Researchers have claimed that unresponsive patients’ brains could be able to recognize photographs of their family and friends.
Using functional magnetic resonance imaging (fMRI), Dr. Haggai Sharon and Dr. Yotam Pasternak of Tel Aviv University’s Functional Brain Center and Sackler Faculty of Medicine and the Tel Aviv Sourasky Medical Center have shown that the brains of patients in a vegetative state emotionally react to photographs of people they know personally as though they recognize them.
To gain insight into “what it feels like to be in a vegetative state,” the researchers worked with four patients in a persistent (defined as “month-long”) or permanent (persisting for more than three months) vegetative state.
They showed them photographs of people they did and did not personally know, then gauged the patients’ reactions using fMRI, which measures blood flow in the brain to detect areas of neurological activity in real time.

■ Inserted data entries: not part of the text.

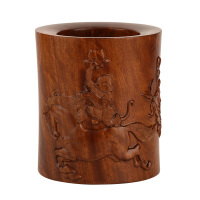 东阳木雕刻红木笔筒 花梨木仿古工艺品 马上封侯原木书房礼品摆件
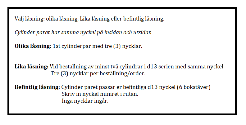 Vänligen observera att vid beställning av – Befintlig nyckel och Lika låsning tillverkas låsen efter din önskan, Vilket innebär en någon längre leveranstid samt att det inte är möjligt att returnera dessa.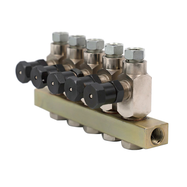 Series quantitative oil filler with adjustable dispenser 2-10 holes Pressureand explosion resistant, anti-corrosion and rust resistant.DL injector is suitable for high pressure filling conditions. Precise and quantitative oil filling is achieved through internal plunger action. DL injector is of single pillar plug type structure. Several single injector are connected in series by oil circuit to form multiple oil outlet. Each oil outlet has an adjusting indicator rod, can continuously adjust the amount of oil without stopping, each oil outlet is independent of each other, stable and reliable operation. DL lubricator produces oil during pressure and stores oil during system pressure relief. The DL injector has a fluorine rubber seal and is suitable for high temperature use (up to 176℃) . According to different displacement, it is divided into DL1 type DL2 type and DL3 type.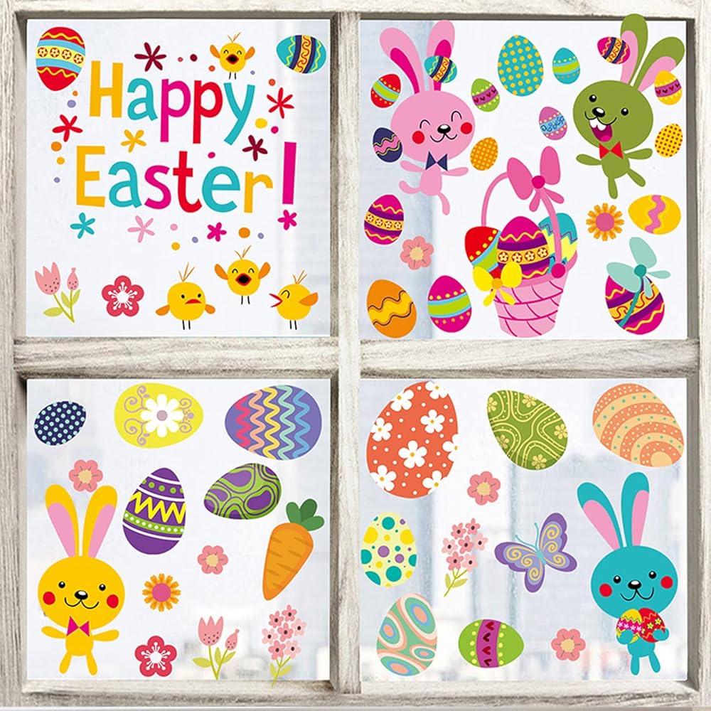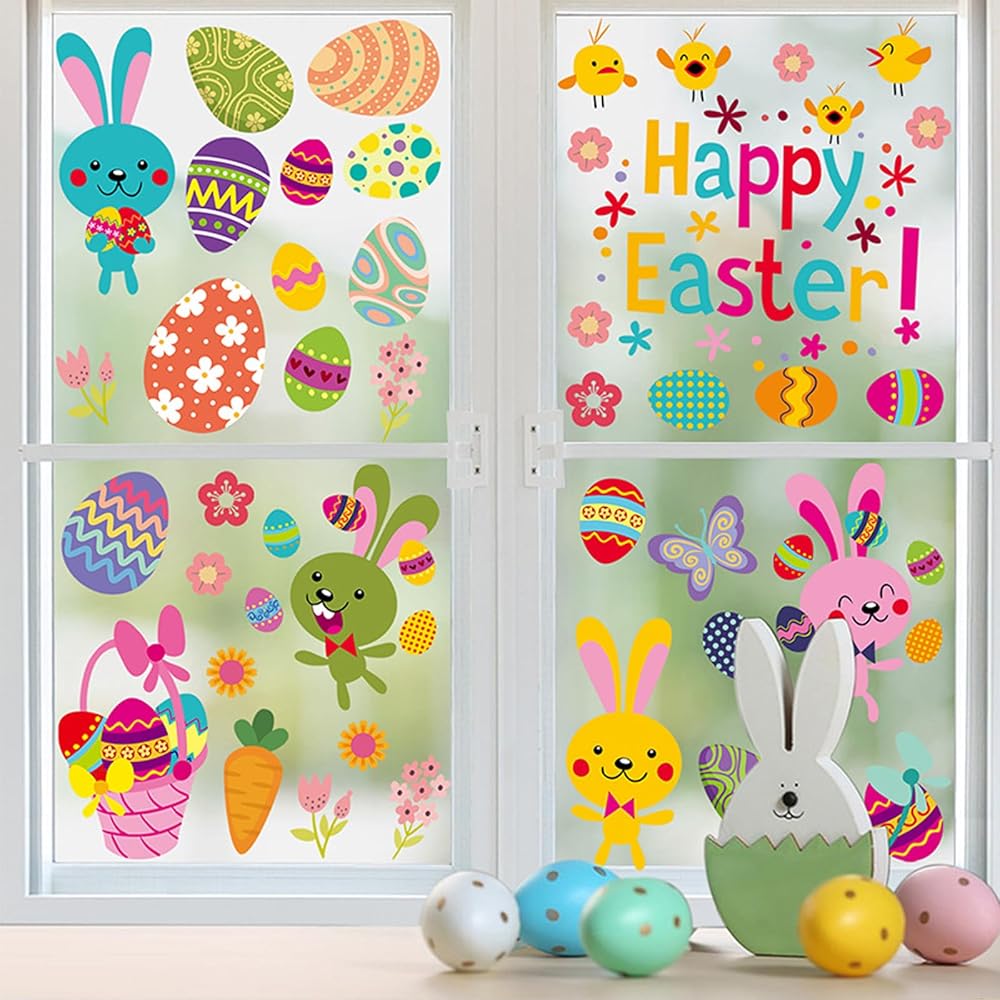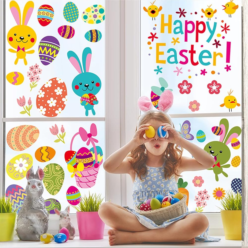 1…Happy Easter Decoration contain 83 Pcs (4 pieces ) Easter Window Clings , and so much quantity would meet your need for Easter window decoration to greatextend. Complement your Easter decor with these beautifully designed bunny, egg, carrot and some small petals window stickers.

In response to all the photographs, a region specific to facial recognition was activated in the patients’ brains, indicating that their brains had correctly identified that they were looking at faces.
But in response to the photographs of close family members and friends, brain regions involved in emotional significance and autobiographical information were also activated in the patients’ brains.
In other words, the patients reacted with activations of brain centers involved in processing emotion, as though they knew the people in the photographs. The results suggest patients in a vegetative state can register and categorize complex visual information and connect it to memories – a groundbreaking finding.